Digital Twin for Takamul Smart Technologies
Takamul Smart Technologies is a Saudi Arabian IT integrator and is developing a smart maintenance platform. They are currently piloting this platform for a big gas processing plant. The control of such a processing plants can be quite tricky, with many control valves (and flares) and many elements influencing the process. In order to make the control easier and see potential issues coming sooner, we developed two digital twins for the plant.
At first we focused on the main gas compressor. Industrial gas compressors have operating characteristics and safety systems in-place which shut down the compressor in case of unsafe conditions, such as an almost surging or stalling compressor. Historical data of various vibration, pressure, flow and temperature sensors of the compressor was available of many years. We used this to make predict pressure deviations, one of the main indicators for an upcoming surge or stall, 30 minutes ahead of time.

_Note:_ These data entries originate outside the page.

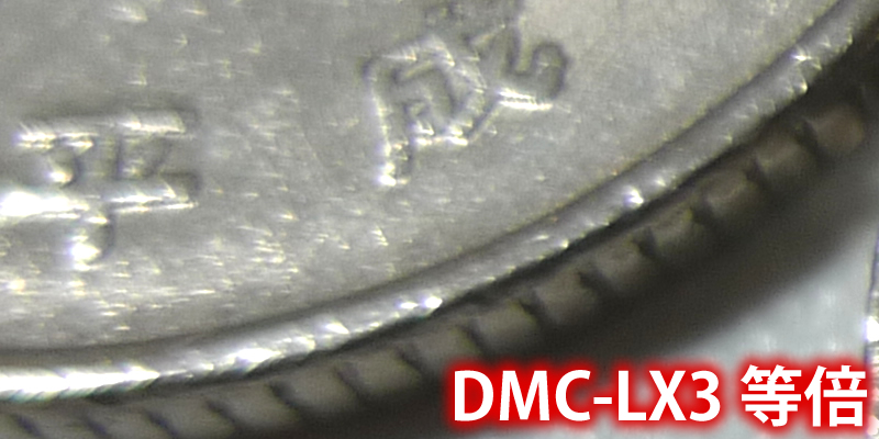 こちらはDMC-LX3で撮った同じ硬貨。こちらカメラの方が寄れるため大きく写りますが、解像感はEOS Kiss X5が上ですね。
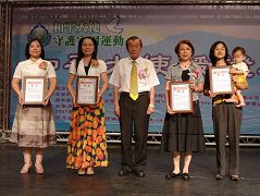 ![]() 和平大使守护家园创意征文颁奖典礼,董憓陵(左一)与其他获奖者 |
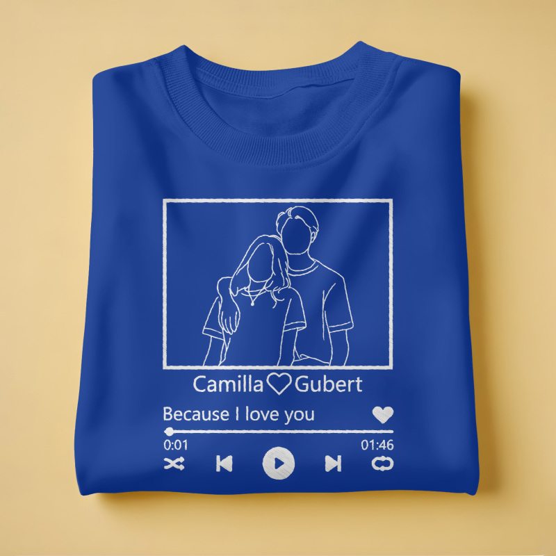 - Personalized Embroidery: Upload a photo for a custom portrait, and choose your favorite song or lyric to be elegantly embroidered beneath the image.
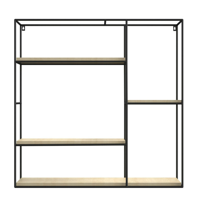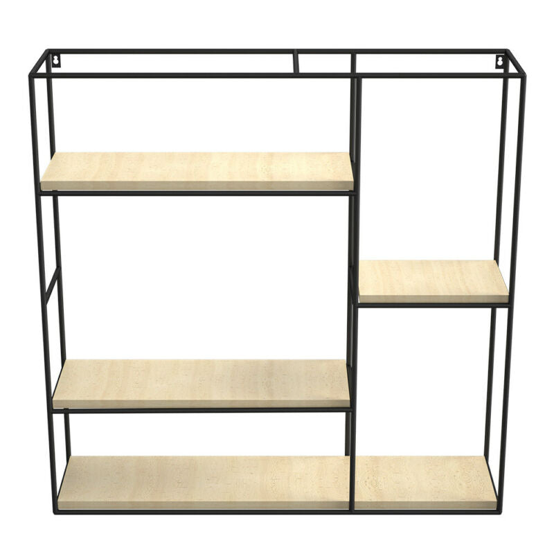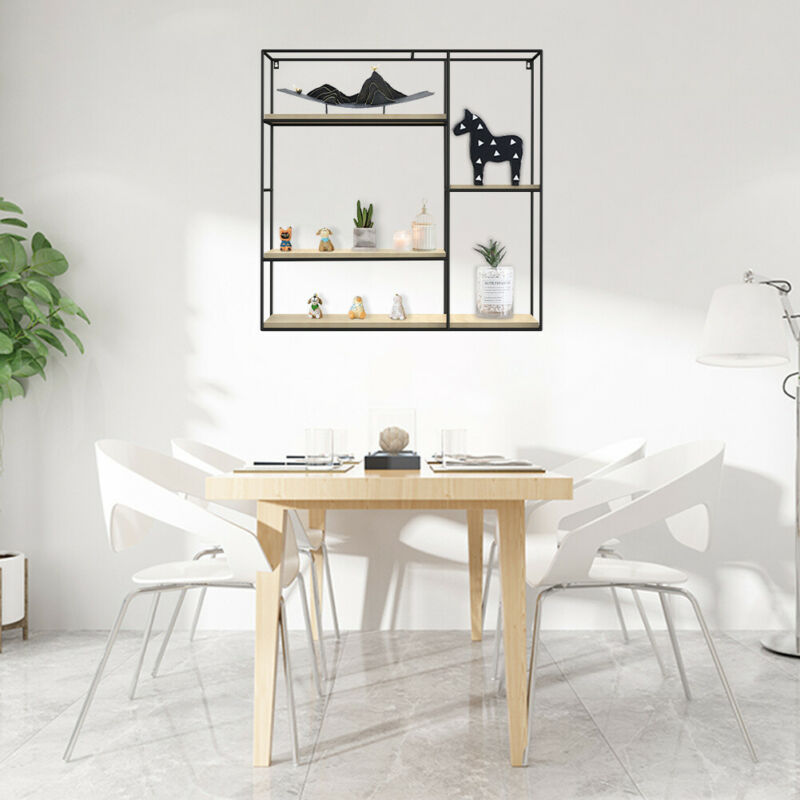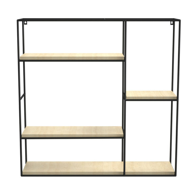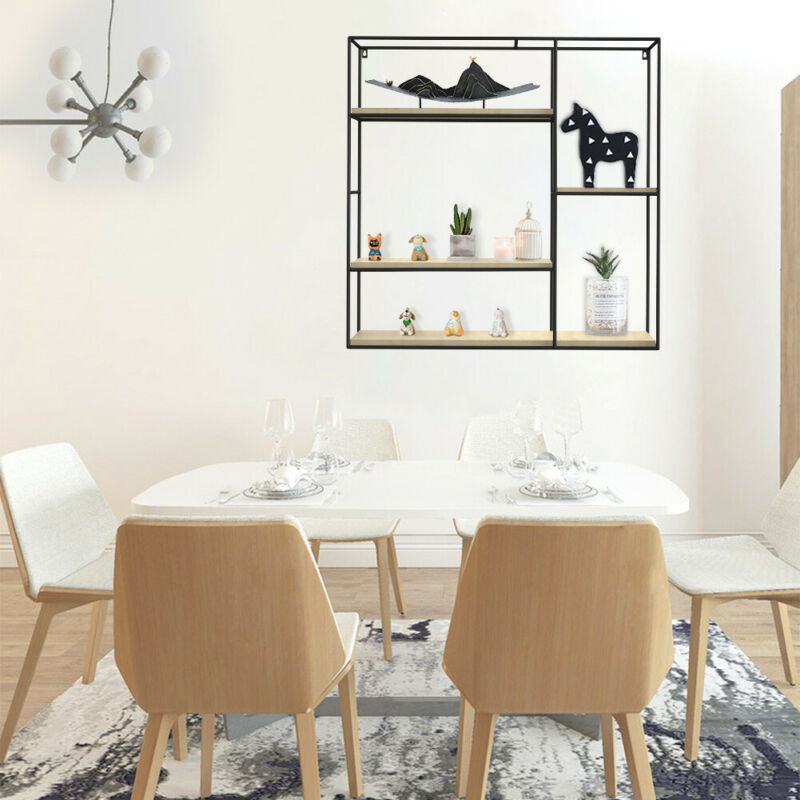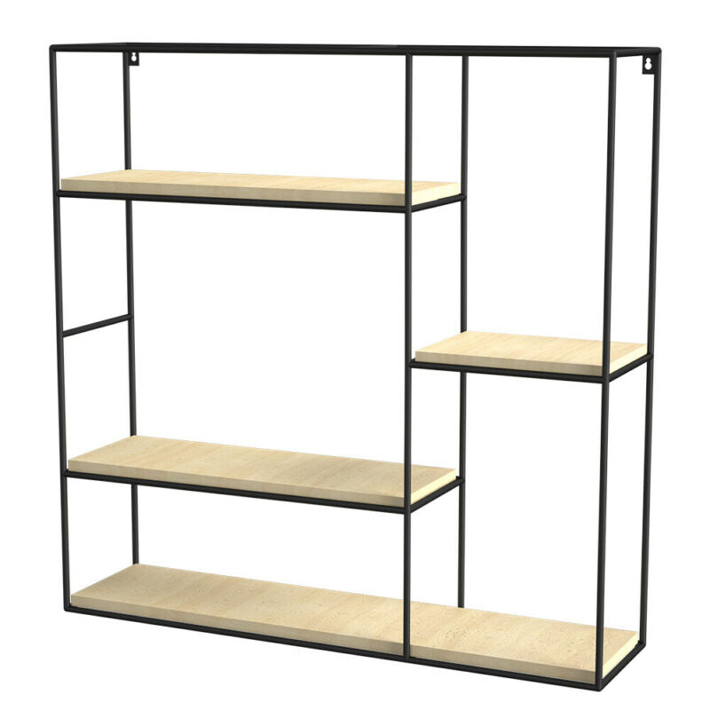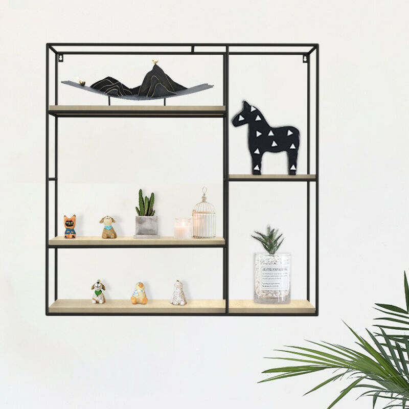 4 Tier Square Wall Storage Unit Retro Wooden Industrial Style Metal Shelf Rack
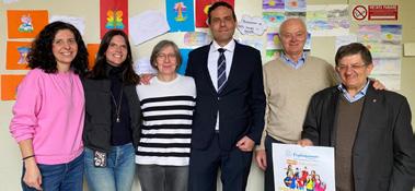 Alceste Bartoletti e Palmiro Fanti , presidente e vice presidente di Anap, accompagnati dal direttore del Centro Commerciale Cremona Po, Fabio Zanelli , hanno incontrato i bambini della quinta A della scuola primaria “Canossa” di Cremona, una delle scuole che hanno aderito al progetto, per illustrare l’importante iniziativa benefica e per prepararli al compito che saranno chiamati a svolgere. In un contesto di pluralità culturale e religiosa, l’azione educativa della scuola Canossa è finalizzata soprattutto all’inclusione.

Secondly, we pointed our Automated Machine Learning towards a multitude of cooling towers. Gas is pumped through these towers to decrease the temperature after compression. The pumps are driven by a small turbine, and the temperatures of those turbines can reach critical levels where wear & tear speed increases significantly. It is therefore important to ensure operating temperatures below these critical levels by for example adjusting the mass flow through the tower. From the same database, we were able to collect many years of operating data. We developed various models to predict temperatures and vibrations in the pump & turbine 20 minutes ahead of time.
Together with Takamul, we integrated our machine learning models directly into the platform. The process engineers are stoked about the predictions as it allows them more time to act instead of constantly react.